*** Opening of Available data ***

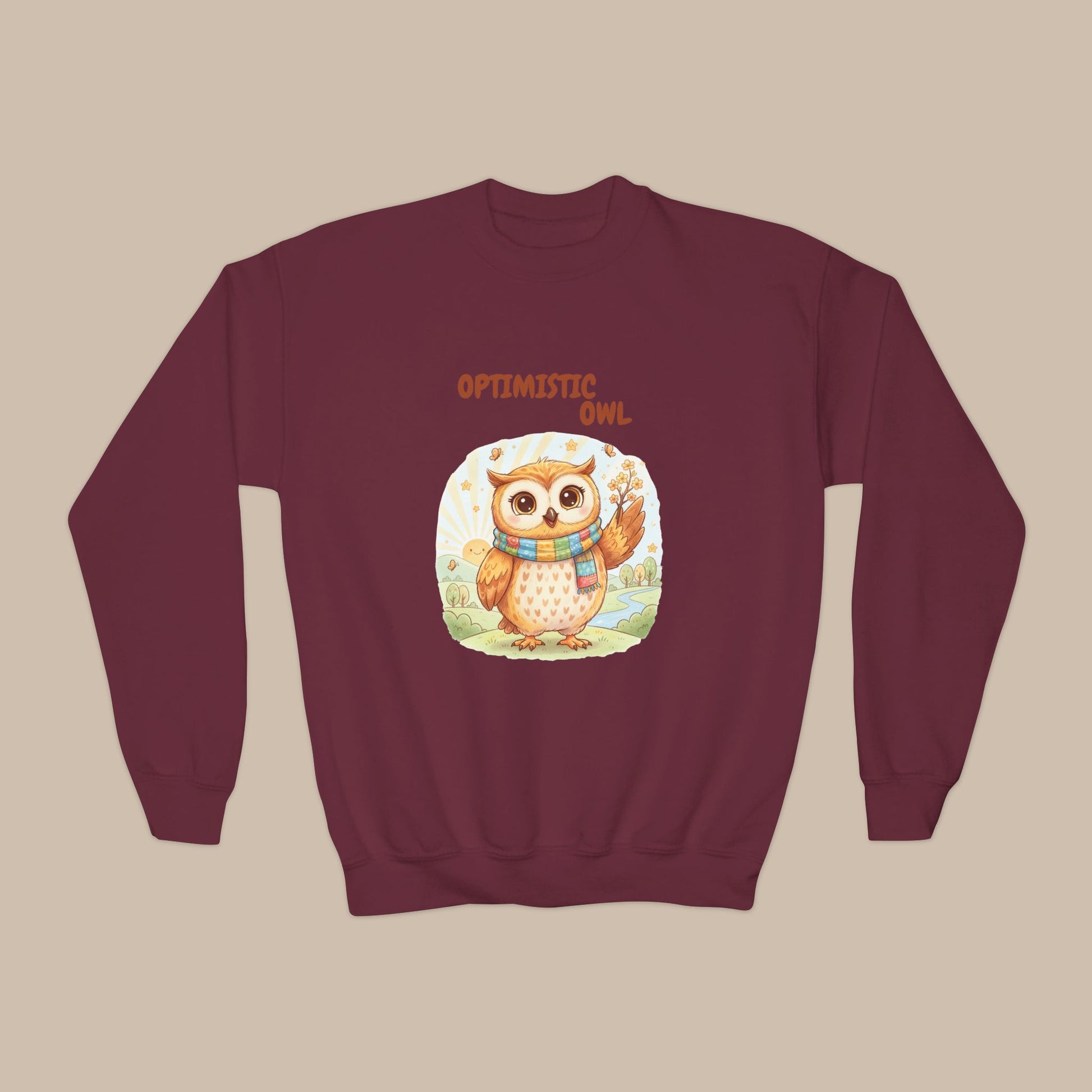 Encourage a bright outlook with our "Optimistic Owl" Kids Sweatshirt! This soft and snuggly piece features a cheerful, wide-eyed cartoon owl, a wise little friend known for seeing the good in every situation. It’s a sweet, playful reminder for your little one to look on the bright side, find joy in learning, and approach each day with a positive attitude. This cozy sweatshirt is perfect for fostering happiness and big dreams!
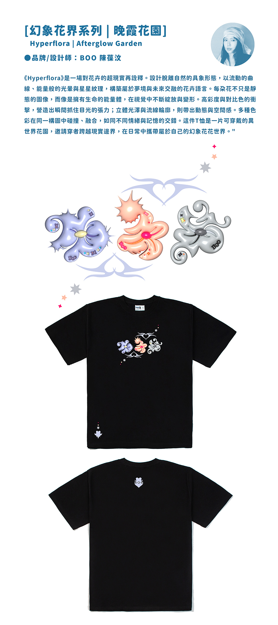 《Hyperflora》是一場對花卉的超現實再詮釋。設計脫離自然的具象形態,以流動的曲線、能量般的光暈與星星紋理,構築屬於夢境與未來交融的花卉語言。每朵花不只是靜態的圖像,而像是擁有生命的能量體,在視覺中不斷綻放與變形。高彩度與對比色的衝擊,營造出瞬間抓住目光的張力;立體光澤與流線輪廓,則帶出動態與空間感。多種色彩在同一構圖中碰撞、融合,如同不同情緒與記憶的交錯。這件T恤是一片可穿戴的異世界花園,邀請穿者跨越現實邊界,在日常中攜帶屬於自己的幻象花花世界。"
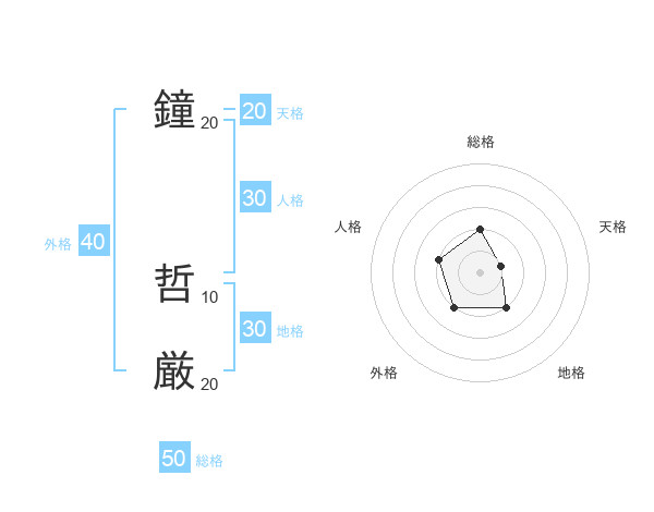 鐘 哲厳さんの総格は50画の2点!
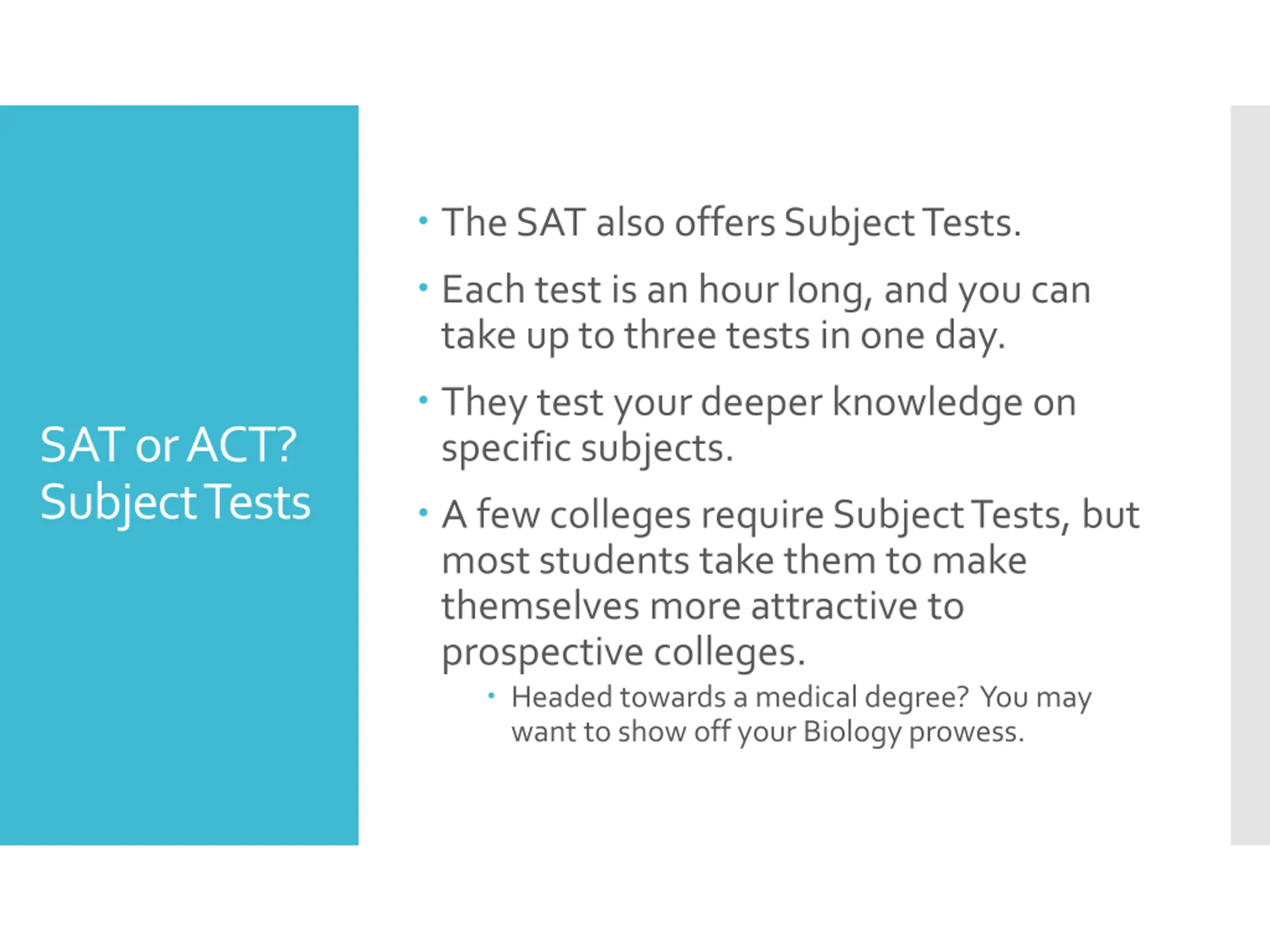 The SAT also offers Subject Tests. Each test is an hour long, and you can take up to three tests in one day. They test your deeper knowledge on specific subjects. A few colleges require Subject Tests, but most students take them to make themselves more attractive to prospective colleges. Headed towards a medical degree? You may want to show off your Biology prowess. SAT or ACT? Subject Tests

*** Close of Available data ***

| Task description |
Everything from the line containing "鐘 哲厳さんの総格は50画の2点!" to the last line of the listing above must be reproduced exactly, with no pictures included.

| Answer to this task |
 鐘 哲厳さんの総格は50画の2点!
 The SAT also offers Subject Tests. Each test is an hour long, and you can take up to three tests in one day. They test your deeper knowledge on specific subjects. A few colleges require Subject Tests, but most students take them to make themselves more attractive to prospective colleges. Headed towards a medical degree? You may want to show off your Biology prowess. SAT or ACT? Subject Tests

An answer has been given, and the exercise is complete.